ORDINARY LANGUAGE THEORY

The first theory of language that was proposed by Wittgenstein has become known as "formal language theory". While working as a school teacher he developed the theory that will later be called "ordinary language theory." It was perhaps through teaching children that Wittgenstein came to the realization that the way he had described language working was far too limiting. He became convinced that language did not derive its meaning from the combination of representations and logic, as he had previously stated, but that it got its meaning from the associations of usage in everyday speech. What this means, at its most basic, is language does not having meaning apart from the context in which it is used.

Wittgenstein contended that language was expressed in everyday usage through a "language game." A statement such as "I am cooking breakfast" is a language game and we derive meaning through the associations of the words to each other in the context that they are used. This is how words that are similar to each other in meaning can have subtle differences, how the same word can have two different meanings in different contexts, etc. Wittgenstein used the example of the word "Game" itself. If his previous theory of language was correct then there should be a list of criteria for what makes a game a game but in reality there is no such criteria. Even so the word game is still a valid word for use in everyday language and when used, people have an understanding of what is meant.

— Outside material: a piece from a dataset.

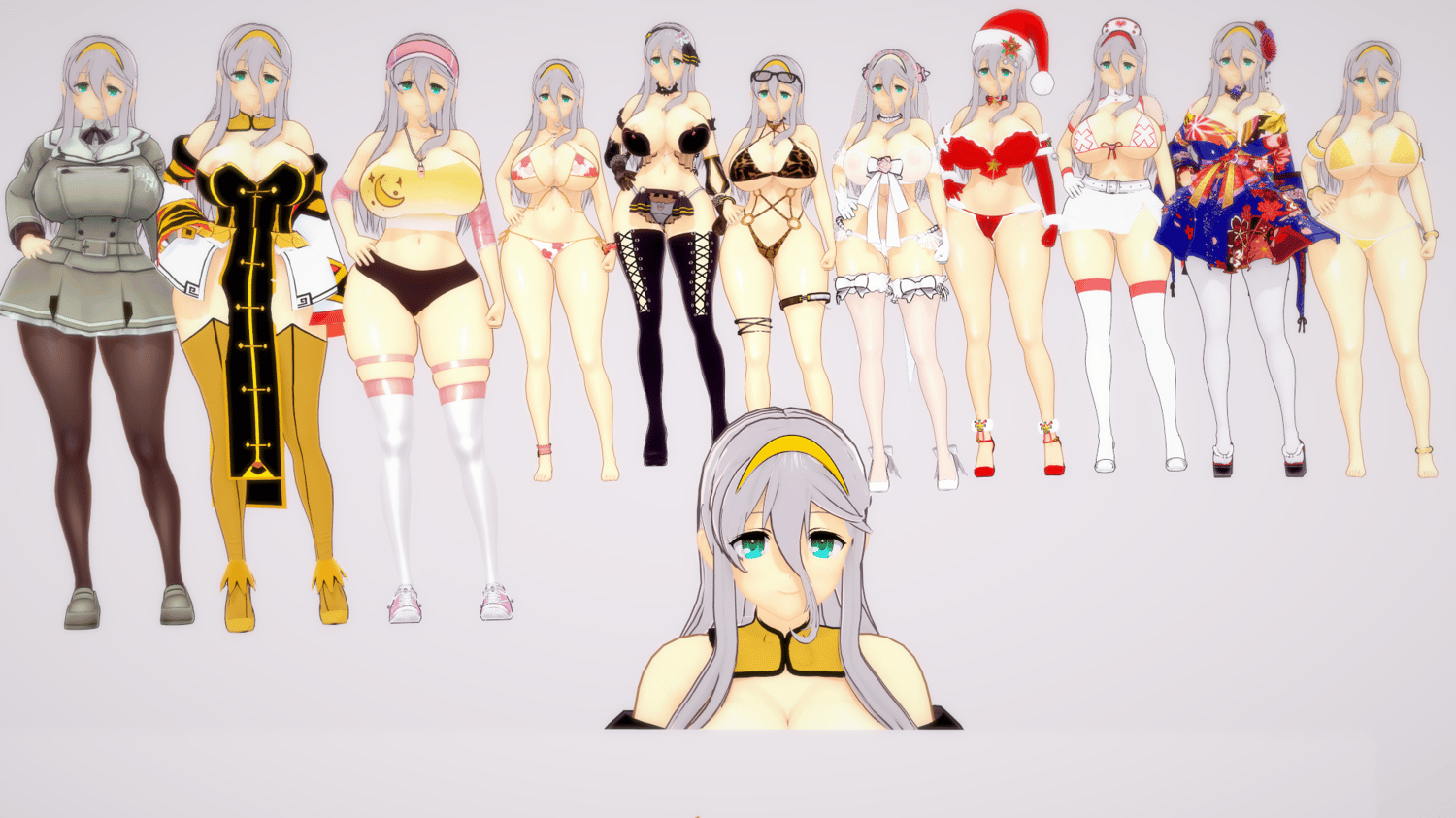 Gekkou includes various costumes: normal, shinobi, bikini, weeding, christmas, lingerie black, bikini leopard, Santa, Nurse, Kimono, sport, Yellow bikini.

Wittgenstein also uses the example of how everyday language is defined by its context by teaching a child to speak. When you refer to a ball by the word ball, a child might just as well the word ball means the color of the ball or the shape of the ball. Only by repeated repetitions, the word ball used to refer to other balls with different colors sizes and other objects that are similar but not balls, does the child understand the meaning of the word ball. This mans that the word ball is defined by its context not that it is not a representation of an ideal form like Platonist would claim. There is no criteria that defines chair as a chair but we define a chair by its context, meaning we define it as something that is sat on.

Wittgenstein also addresses another famous philosophical question, "How can I be sure that I mean the same thing as other people when I express concepts like "Red" or "Pain." What this means is that philosophers have asked that if what I see as red is purple to somebody else, how would I ever know. Wittgenstein answers this by saying that there is no private language. What we experience is related to other experiences. A person in pain acts a certain way and because they act a certain way in relation to the sensation, what we mean by the word pain is defined in that context. These sensations are not independent of each other but related to the context in which they are felt and expressed linguistically. If we were not experiencing the same thing then we would not be able to communicate effectively and if we were somehow not experiencing the same thing but were still communicating effectively then it would still be contextually the same.

The grand statement that Wittgenstein is making about philosophy is that all philosophical problems are actually linguistical problems. He claims that the real mistake of philosophy is in taking words and statements out of the context in which they are stated and looking for meaning that is independent of that context. Wittgenstein invites philosophers to start looking at differences in philosophical opinion as having their roots in misuse of language.